**Work item**
Reproduce the material below only from the line with "村民在直播賣(mài)葫蘆。新華社記者 張力元 攝" to the line with "Wallpaper: lemur, brown", both included, keeping each line exact and dropping the pictures.

○ ○ ○

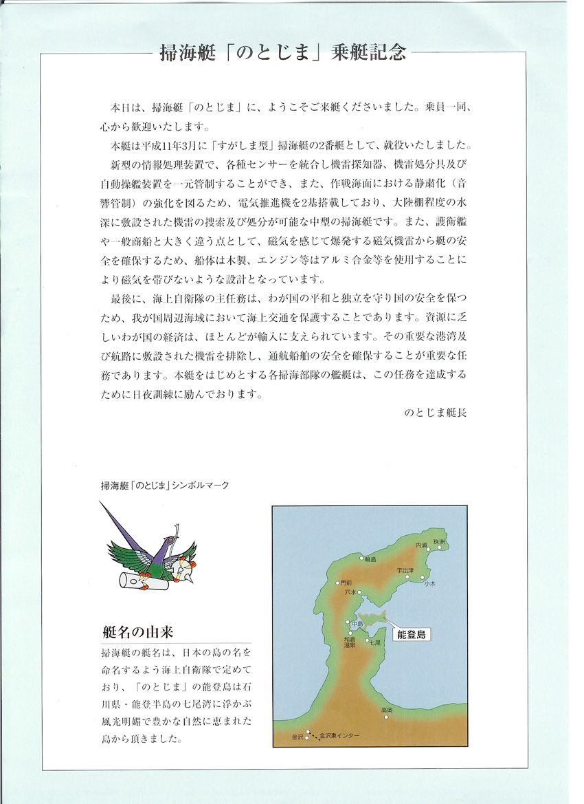無難な作りでコメントしにくいが読みやすいパンフはA4フルカラー。シンボルマークが機雷をつかんだ雉だが、命名の由来となった石川県能登島の名物なのだろうか?
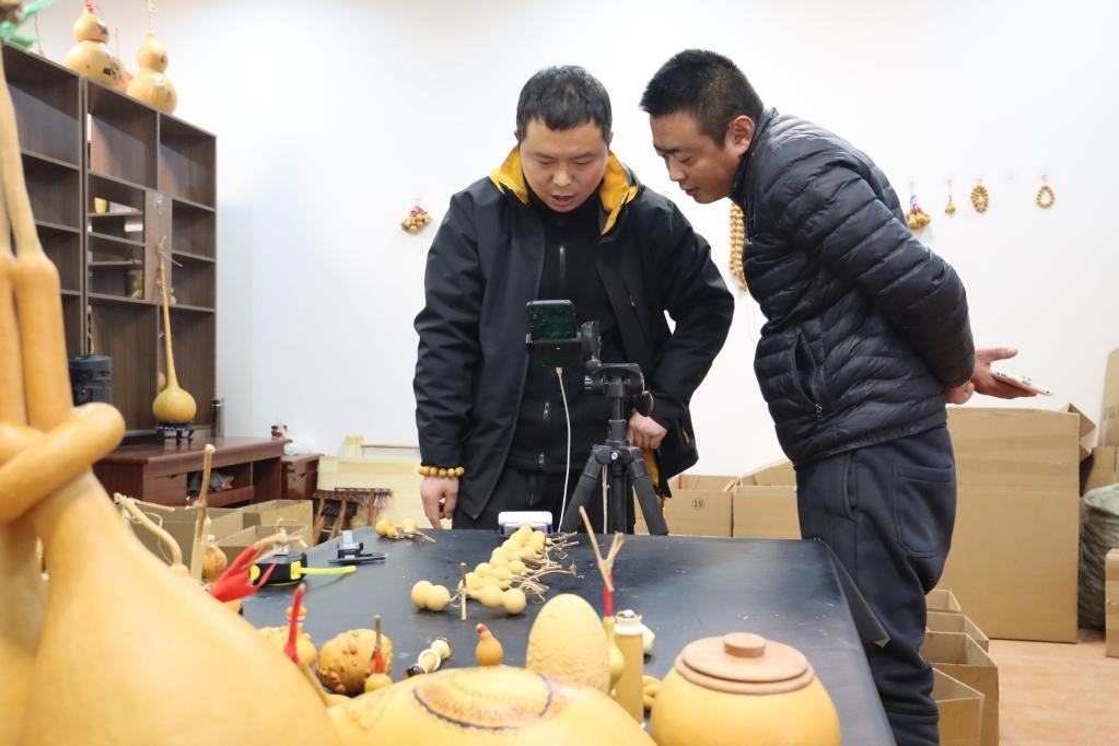 村民在直播賣(mài)葫蘆。新華社記者 張力元 攝
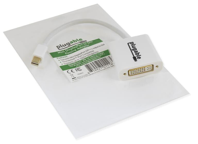 Plugable's Mini DisplayPort to DVI passive adapter (MDPM-DVIF) allows you to connect from a Thunderbolt 2 or Mini Dual-Mode DisplayPort (DP++) output on your laptop, desktop, or tablet to virtually any DVI-enabled display.
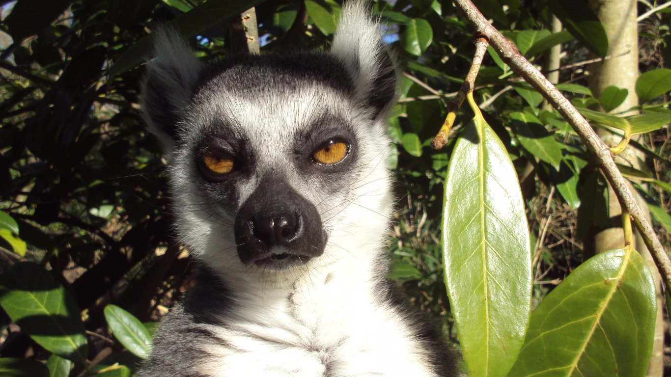 Wallpaper: lemur, brown eyes, look - 1366x768
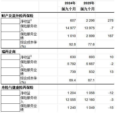 2025年前九个月,瑞士再保险集团净收益为40亿美元,ROE为22.5%,2024年同期净收益为22亿美元(3),ROE为13.3%(4)。净收益增长主要得益于财产及意外险再保险承保利润的大幅提升。
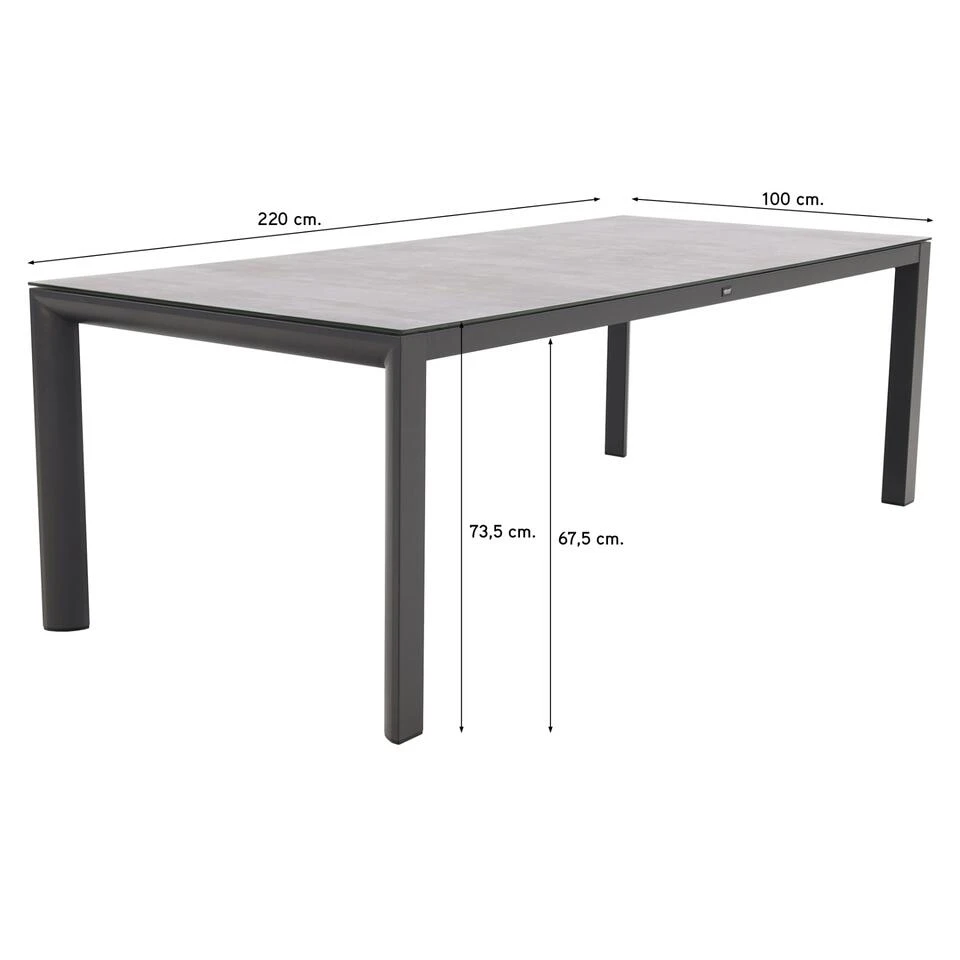 De Baltimor tuintafel biedt met zijn lengte van 220 cm. plaats aan 6 personen. Je kan eventueel met 8 personen dineren door gebruik te maken van de kopse kanten van de tafel. Het frame van de Baltimor tuintafel is vervaardigd uit gepoedercoat aluminium. Aluminium heeft als voordeel dat het licht in gewicht is, weinig onderhoud nodig heeft en jarenlang meegaat. Het tafelblad van de Baltimor tuintafel is gemaakt van “ceramic on glass”. Dit is een keramiek laagje dat op een geharde glasplaat wordt aangebracht. Beide materialen zijn bestand tegen diverse weersinvloeden en perfect geschikt voor gebruik buitenshuis. Wanneer het tafelblad vies is geworden kun je deze het beste schoonmaken met water en een zachte doek. Voor een grote schoonmaakbeurt kun je een neutraal reinigingsmiddel toevoegen. Gebruik voor het schoonmaken nooit schuurmiddelen zoals een schuursponsje. Dit kan namelijk vegen en vlekken veroorzaken die er niet meer uit gaan. Gebruik nooit een hogedrukreiniger. Door de hoge waterdruk kan het materiaal aangetast worden.

○ ○ ○

**Solution to the problem**
 村民在直播賣(mài)葫蘆。新華社記者 張力元 攝
 Plugable's Mini DisplayPort to DVI passive adapter (MDPM-DVIF) allows you to connect from a Thunderbolt 2 or Mini Dual-Mode DisplayPort (DP++) output on your laptop, desktop, or tablet to virtually any DVI-enabled display.
 Wallpaper: lemur, brown eyes, look - 1366x768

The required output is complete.